This simple logic is appealing but faulty. It assumes that the objective (statistical) level of inequality of a society corresponds to its subjective anxiety level as perceived by its inhabitants. The authors' own findings suggest that this is false, especially given the lack of fit between perception and reality when it comes to obstacles to social mobility and economic realities generally in the United States. It also fails to explain nonpsychological indicators of social well-being such as infant mortality.
But even in areas where differences can plausibly be attributed to status anxiety arising from inequality, there is a policy dimension related to civic literacy that cannot be ignored. Consider two of Wilkinson and Pickett's indicators that are less frequently discussed in the welfare state literature: obesity and teenage pregnancy. In the cross-national comparisons, the Nordic effect is especially strong when it comes to obesity. Eliminate Sweden, Norway and Denmark and the correlation between obesity and inequality almost disappears. Though not as dramatic, the same effect can be seen in relation to teenage pregnancy.
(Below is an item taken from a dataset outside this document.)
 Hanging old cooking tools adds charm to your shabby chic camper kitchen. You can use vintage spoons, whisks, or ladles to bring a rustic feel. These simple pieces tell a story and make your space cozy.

The authors' interpretation of these data is that stress, especially stress experienced by the poor, leads to "comfort eating" and teenagers having babies. Missing is any mention of sex education--access to which varies among American states and which has the intuitively expected impact on teenage pregnancy (7)--or the various Nordic sex education programs, which serve as a benchmark for the World Health Organization. (8) Similarly lacking is any mention of national differences in programs to make nutritious food and information about it available in schools and beyond. (9)
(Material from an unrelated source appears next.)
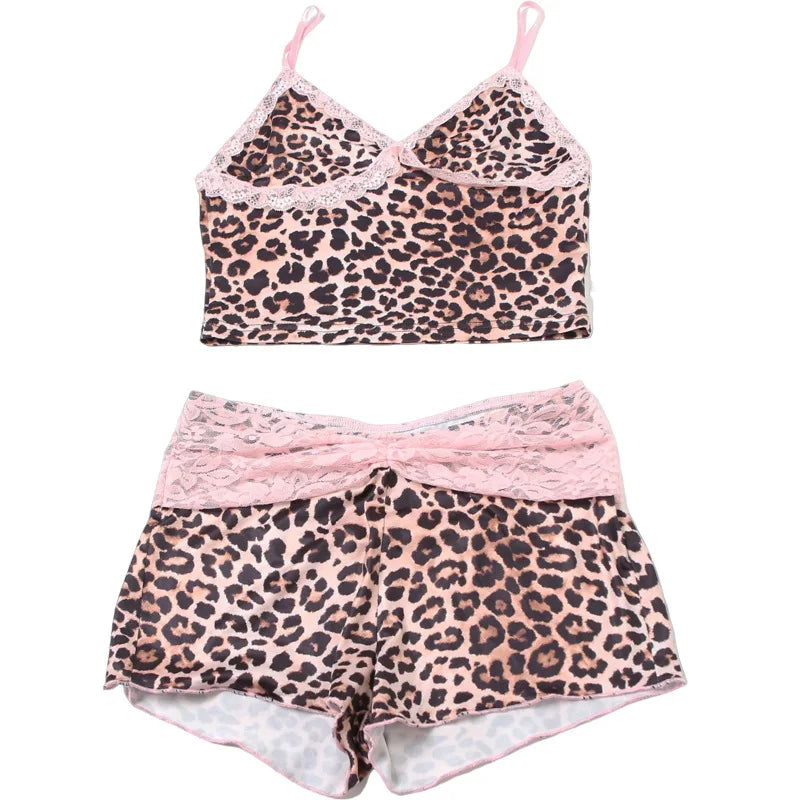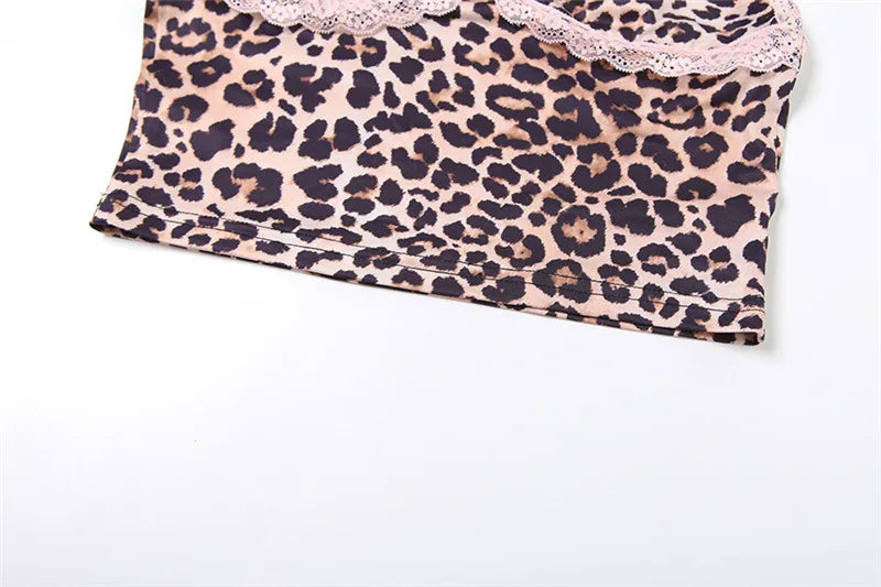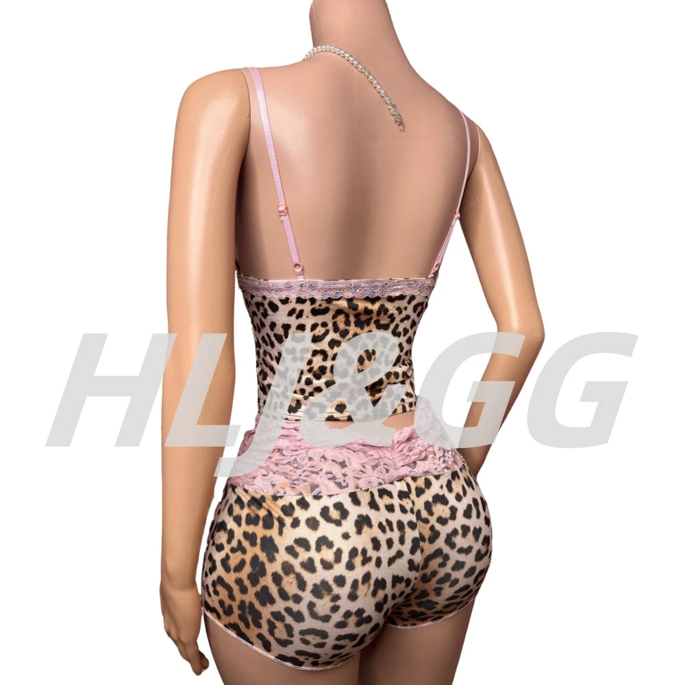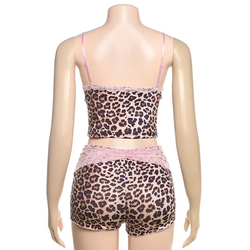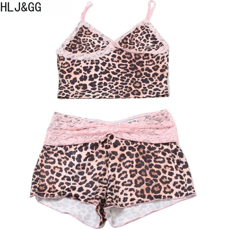 HLJ&GG Fashion Leopard Lace Stitching Two Piece Sets Women V Neck Spaghetti Strap Slim Crop Top + Shorts Outfits Sexy Streetwear

Oversimplifying a complex question
In these and other policy areas, the nonmaterial aspect is a sine qua non if favourable outcomes are to be attained. While nonmaterial redistribution policies to reinforce civic literacy are not the entire Nordic story, omitting them distorts the overall picture. A similar argument could be made for the values underlying certain policy choices that combine redistribution with economic growth. As noted by The Economist in a recent article,
The World Values Survey, which has been monitoring values in over 100 countries since 1981, says that the Nordics are the world's biggest believers in individual autonomy ... Any piece of Nordic social legislation--particularly the family laws of recent years--can be justified in terms of individual autonomy. Universal free education allows students of all backgrounds to achieve their potential. Separate taxation of spouses puts wives on an equal footing with their husbands. Universal day care for children makes it possible for both parents to work full-time. (10)
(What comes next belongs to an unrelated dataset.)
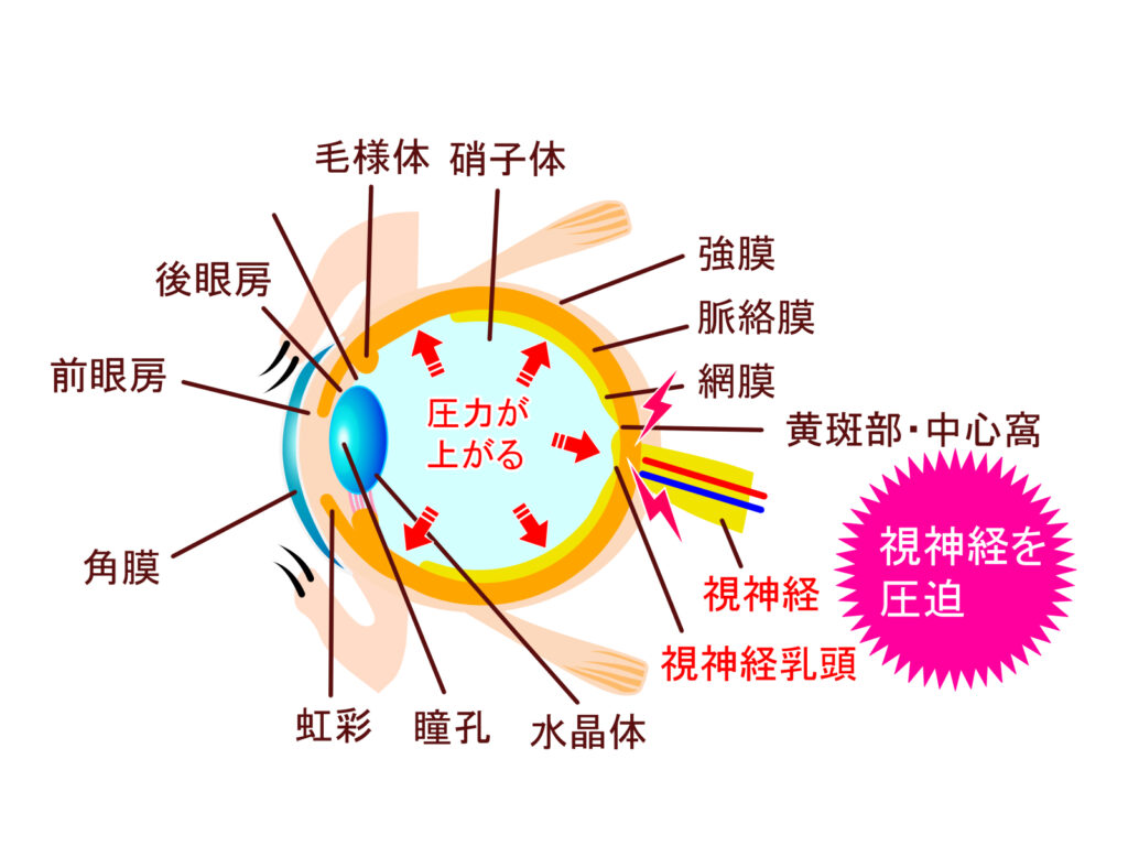 緑内障の最大の原因は「眼圧の上昇」。目の中には「房水(ぼうすい)」という液体が流れており、この液体の「作る量」と「出す量」のバランスで眼圧が決まります。このバランスをコントロールしているのが自律神経です。
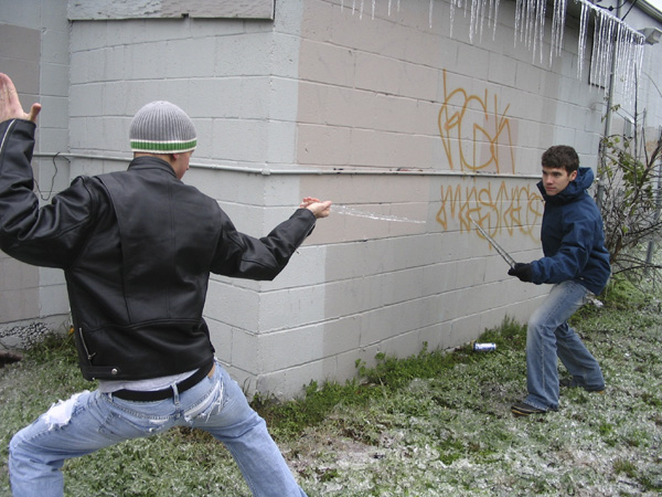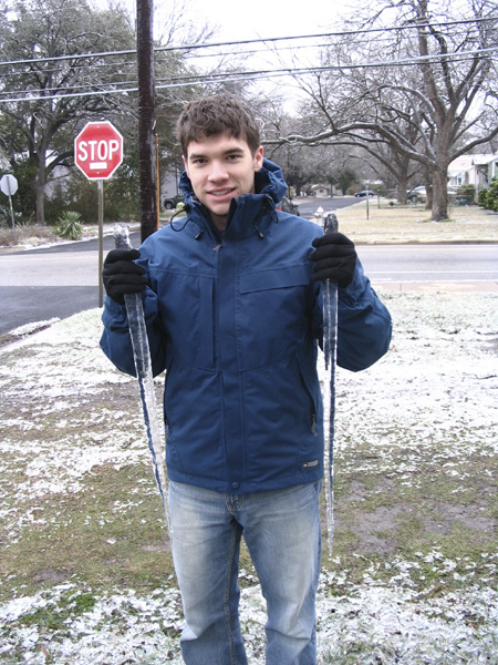 | Llewyn and Steven in front of the UT tower ice sculpture. |

Does The Spirit Level add anything significant to what we know? The answer depends on who "we" are. The book was able to gain public attention not because of the quality of its analysis, but, in a sense, because of the opposite: its oversimplification of an important but complex question. The book generated critical responses that kept attention on the issue of equality. Because of this, the book, on balance, has served a useful purpose. But the real work, developing policies that effectively reduce inequality under existing constraints, has yet to be done.
(1) Canada, it might be added, places 6th. The report attempts to explain happiness levels in terms of six key variables: per capita income, healthy life expectancy, relationships, perceived freedom to make life choices, freedom from corruption and generosity.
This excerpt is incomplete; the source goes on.